When someone logs in, before permissions kick in, you need to verify that they are who they say they are. For access to sensitive information, a username and password aren’t enough in today’s environment. You need multifactor authentication, whether you do it through tokens, text messages, software, or biometric scanning.

A user who has logged in through multifactor authentication and whose ability to access data is restricted by your identity and access management system may appear to be secured.

But what if he walks away from his computer and someone else takes over? To control for that, you should require a screen lock whenever someone leaves a device unattended.

End of story? Not at all. All sessions involving high-risk sites and databases should be monitored in real time.

This kind of monitoring is frequently confused with monitoring of the apps and databases themselves. Of course, these systems should have firewalls to keep intruders out and alerts that notify your security center if someone attempts to breach them.

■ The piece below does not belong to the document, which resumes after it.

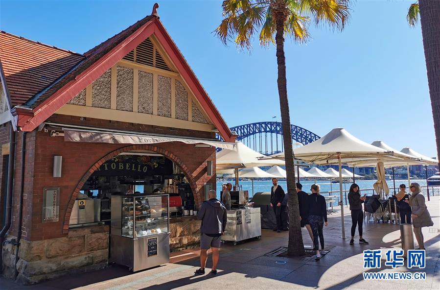 5月10日,在澳大利亞悉尼環(huán)形碼頭,市民在一間咖啡屋前等候。

But that won’t help you if someone who has been granted access decides to misbehave. Session monitoring means keeping your eyes on the person looking at your data at all times. If that person tries to do something suspicious, such as exfiltrate customer information, your security center will be notified immediately and can cut off access before a theft or a breach occurs.

Things are people, too

So far, we have been talking about managing the identity and access of people. But things can have identity, too.

Your IT department probably has service accounts set up to perform tasks within or between systems. Just like a person, these accounts may have access to sensitive information. They need to be managed and monitored while they’re in use and disabled after they’ve completed their tasks.

At first, it may sound ridiculous to monitor a service account. After all, it’s not a person who wants to steal information and sell it on the internet.

But a hacker who breaks into a service account can do that. In fact, hackers love these accounts because organizations often pay no attention to them—they appear to be machines just doing their jobs.

As the internet of things (IoT) gains traction, it’s more important than ever to manage and monitor service accounts and bots. From factory robots to smart cars and thermostats to refrigerators that order food, sensor-embedded machines are taking over a growing number of functions around the world. By 2020, the IoT market will include 20.8 billion connected things, according to Gartner.

For IT purposes, these “things” need to be treated the same as people. If they handle sensitive information a hacker would want, they need to be managed and monitored with the same vigilance that’s applied to human accounts.

As the world changes, security technology must change, too. The best systems not only provide you with state-of-the-art protection today, but are built with flexibility to adapt to the future.